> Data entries
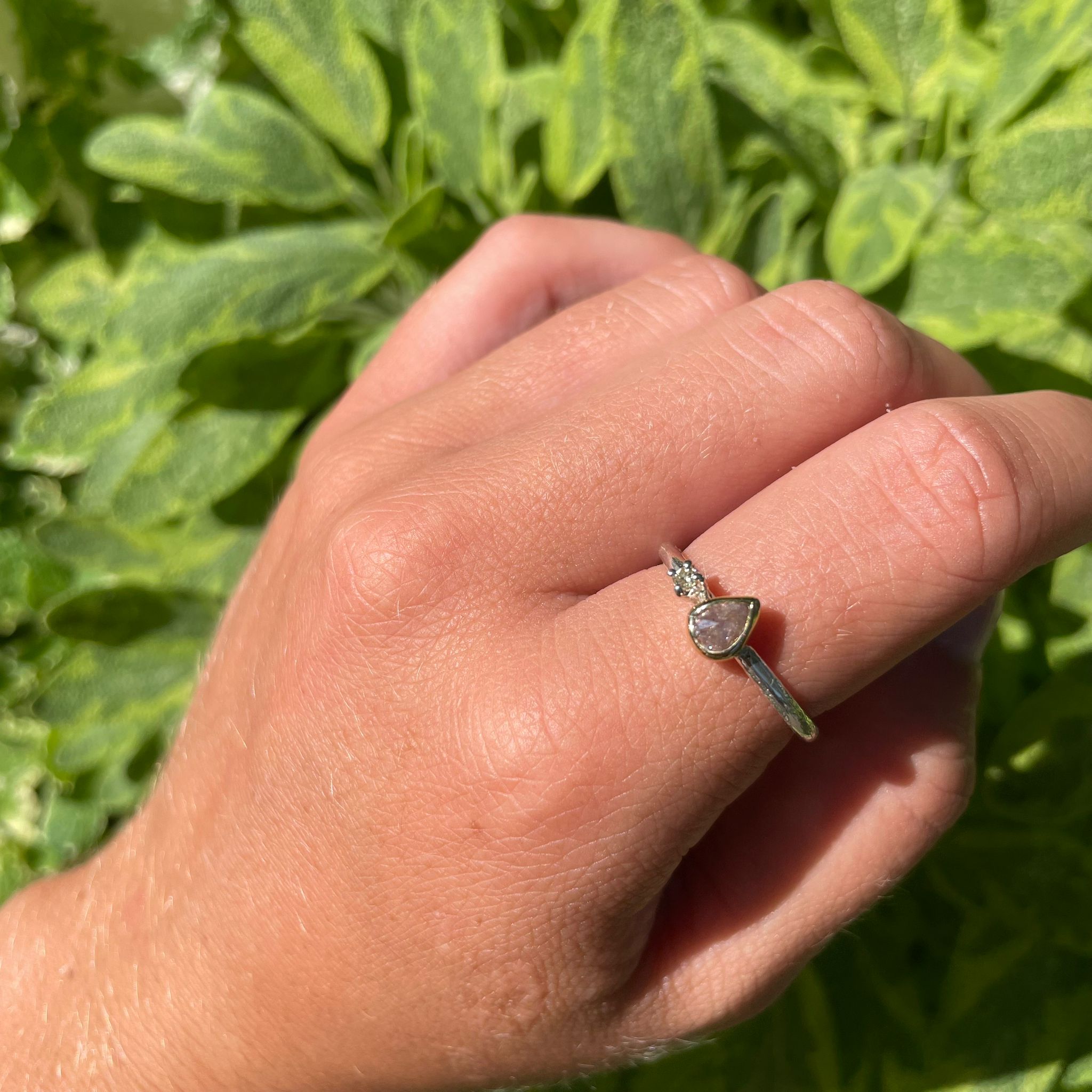 Fi Mehra – Teardrop Salt And Pepper Diamond Ring With 9ct Gold Setting
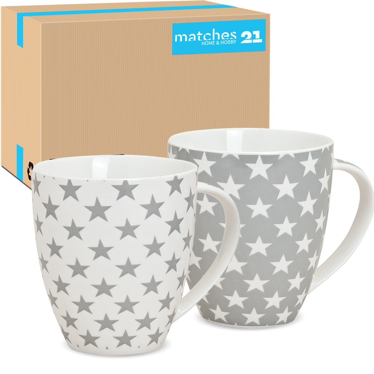 matches21 Große Jumbo Kaffeebecher Tassen Becher Stern grau weiß 24 Stk. Karton Porzellan 12 cm / hoch / 600 ml
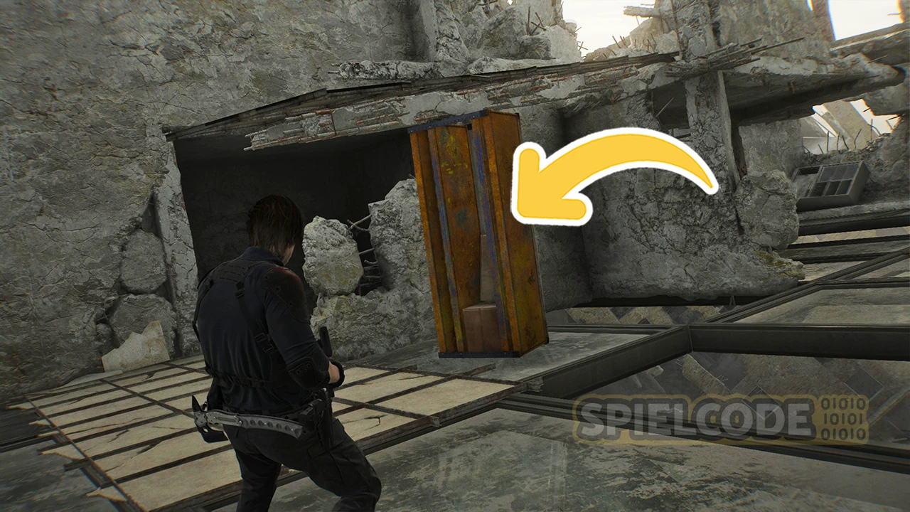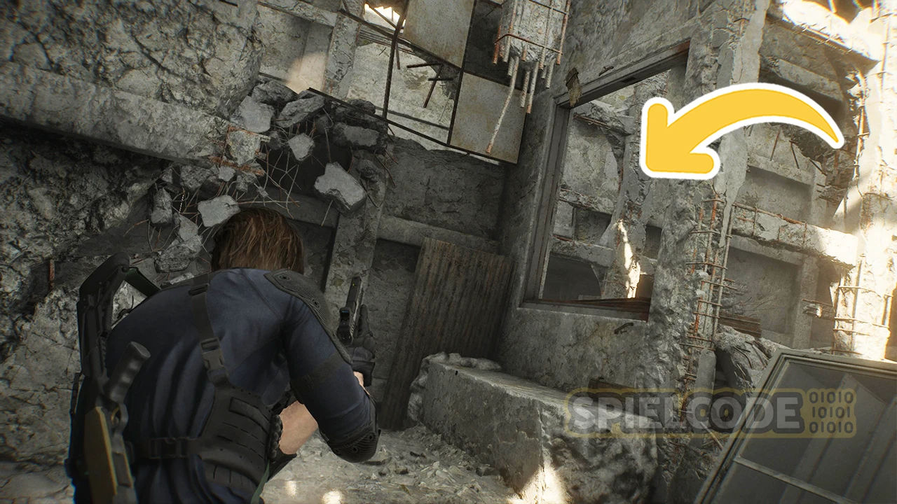 Von hier aus kannst du den Rückweg zum Speicherpunkt wieder öffnen. Und dann läufst du auf dem Dach gen Süden weiter über ein kleines Loch in der Wand.
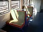 The seats originally used leatherette covering, and were coloured green in first class, and red in second class. During the first refurbishment programme, they were replaced by a fire and vandal-resistant design that used a navy blue plastic frame and purple fabric covering. In the second refurbishment programme, the seats were replaced again, with a similar design that used an orange plastic frame and a moquette of multicoloured stripes.[4][12]
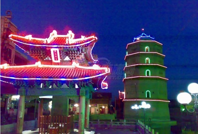 永豐塔 位于巨野縣城東南角,南臨人民路,北距文廟百余米,西面不遠(yuǎn)是永豐街,東面緊靠縣招待所,是縣級(jí)重點(diǎn)保護(hù)文物。始建于五代后周(公元951-960年),至北宋年間(公元960一1127年)才建成。塔為磚石結(jié)構(gòu),高30米,為七級(jí)八角四門(mén)樓閣式,上層周長(zhǎng)36米,下層周長(zhǎng)44米,塔尖為圓型亭式磚木結(jié)構(gòu),高1.85米,青瓦覆蓋。地面上現(xiàn)存5層,底部2層已淤于地下。永豐塔已有千余年歷史,歷經(jīng)洪水、地震,仍完好無(wú)損。清晨登塔眺望,東面山色蒙蒙,霞光絢麗,北有文廟大成殿,雄偉壯觀。永豐塔附近還有菏塔、石橋與之交相輝映,景色甚美 。

> WHAT THE EXERCISE ASKS
For each record, return its text exactly and leave any picture out.

> COMPLETED TASK
 Fi Mehra – Teardrop Salt And Pepper Diamond Ring With 9ct Gold Setting
 matches21 Große Jumbo Kaffeebecher Tassen Becher Stern grau weiß 24 Stk. Karton Porzellan 12 cm / hoch / 600 ml
 Von hier aus kannst du den Rückweg zum Speicherpunkt wieder öffnen. Und dann läufst du auf dem Dach gen Süden weiter über ein kleines Loch in der Wand.
 The seats originally used leatherette covering, and were coloured green in first class, and red in second class. During the first refurbishment programme, they were replaced by a fire and vandal-resistant design that used a navy blue plastic frame and purple fabric covering. In the second refurbishment programme, the seats were replaced again, with a similar design that used an orange plastic frame and a moquette of multicoloured stripes.[4][12]
 永豐塔 位于巨野縣城東南角,南臨人民路,北距文廟百余米,西面不遠(yuǎn)是永豐街,東面緊靠縣招待所,是縣級(jí)重點(diǎn)保護(hù)文物。始建于五代后周(公元951-960年),至北宋年間(公元960一1127年)才建成。塔為磚石結(jié)構(gòu),高30米,為七級(jí)八角四門(mén)樓閣式,上層周長(zhǎng)36米,下層周長(zhǎng)44米,塔尖為圓型亭式磚木結(jié)構(gòu),高1.85米,青瓦覆蓋。地面上現(xiàn)存5層,底部2層已淤于地下。永豐塔已有千余年歷史,歷經(jīng)洪水、地震,仍完好無(wú)損。清晨登塔眺望,東面山色蒙蒙,霞光絢麗,北有文廟大成殿,雄偉壯觀。永豐塔附近還有菏塔、石橋與之交相輝映,景色甚美 。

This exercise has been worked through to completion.